--- ENTRIES SHOWN Enclosed Below ---

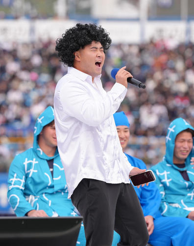 大トリで登場。アフロヘアのカツラを被り、フルコーラスを歌いきった。「大都会」と言えば、高津前監督が現役時代に熱唱する姿が「珍プレー好プレー」で何度も放送され、ヤクルトファンにはなじみ深い。その名曲を“カバー”し、球場を盛り上げた。
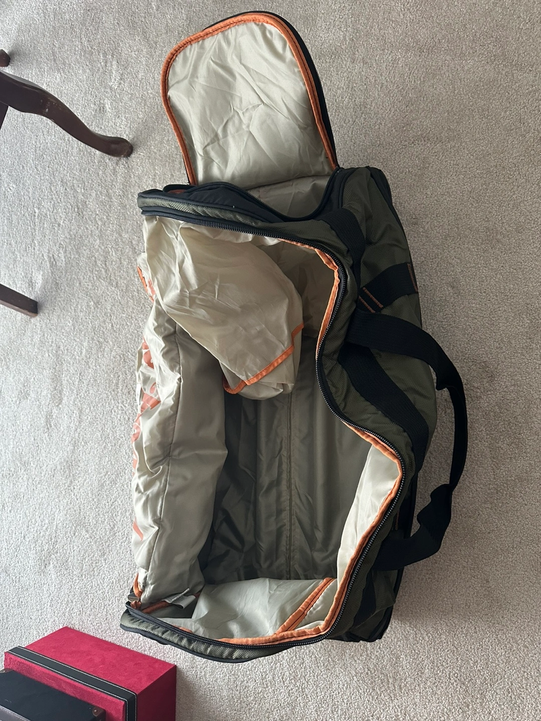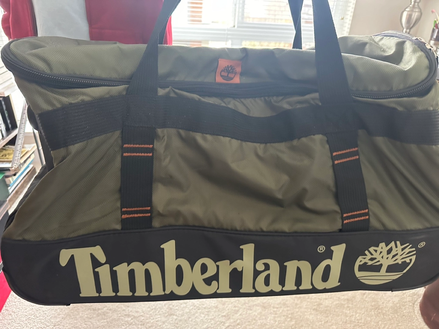 Green duffel bag with black accents. Has an inside pocket and two carrying handles. Used once from flight home to Vancouver.
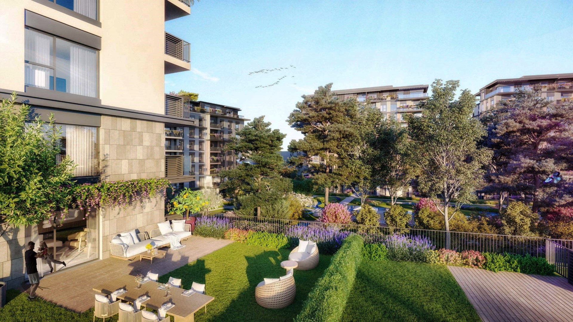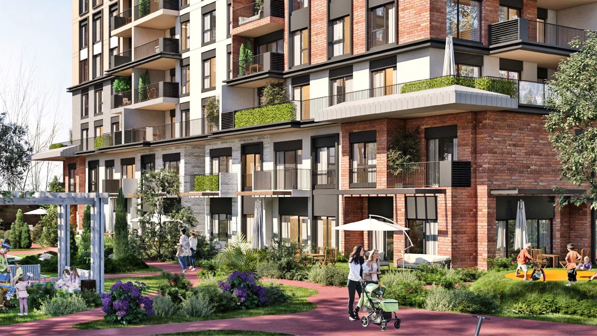 مباني منخفضة الارتفاع بتصميم أفقي مع تصميم معماري مميز مع عناصر طبيعية ، 85٪ من المساحات الخضراء ، 50٪ منها بجانب الغابة أو الغابة ، جميع الشقق لها شرفة أو تراس خاص بها.
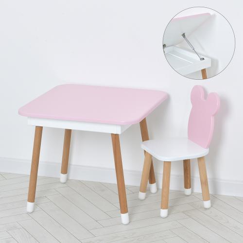 Дитячий стіл Bambi 07-025R-BOX Ведмедик – зі стільчиком та шухлядою, міцна основа та яскравий дизайн (Рожевий)
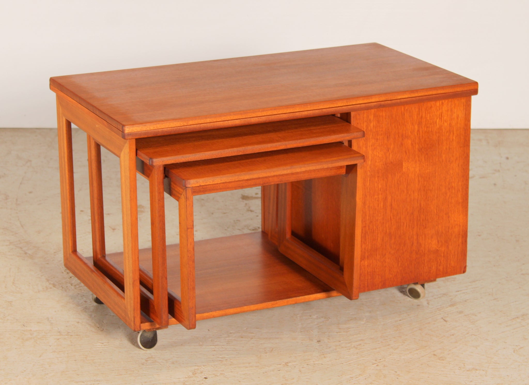 A mid century Tristor teak nest of tables by McIntosh, circa 1970s. The table can be rotated and unfolded and features two nesting tables and a storage compartment at one end.
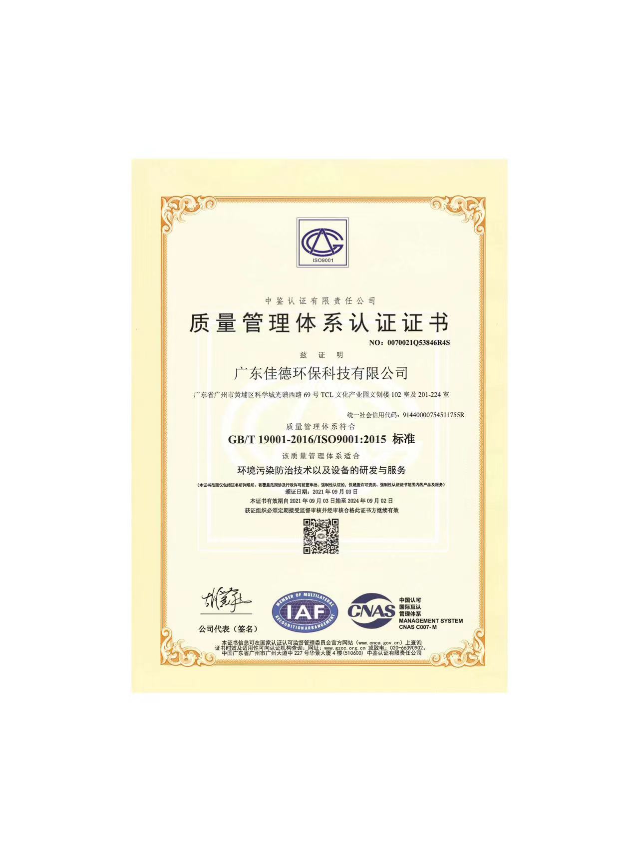 質(zhì)量管理體系認(rèn)證證書

--- End of Enclosed ENTRIES SHOWN ---

• **ASSIGNED TASK**: Please reproduce the lines exactly from the one containing "Дитячий стіл Bambi" through the last line of the data above, and keep the pictures out.

• **RESPONSE TO THE TASK**:
 Дитячий стіл Bambi 07-025R-BOX Ведмедик – зі стільчиком та шухлядою, міцна основа та яскравий дизайн (Рожевий)
 A mid century Tristor teak nest of tables by McIntosh, circa 1970s. The table can be rotated and unfolded and features two nesting tables and a storage compartment at one end.
 質(zhì)量管理體系認(rèn)證證書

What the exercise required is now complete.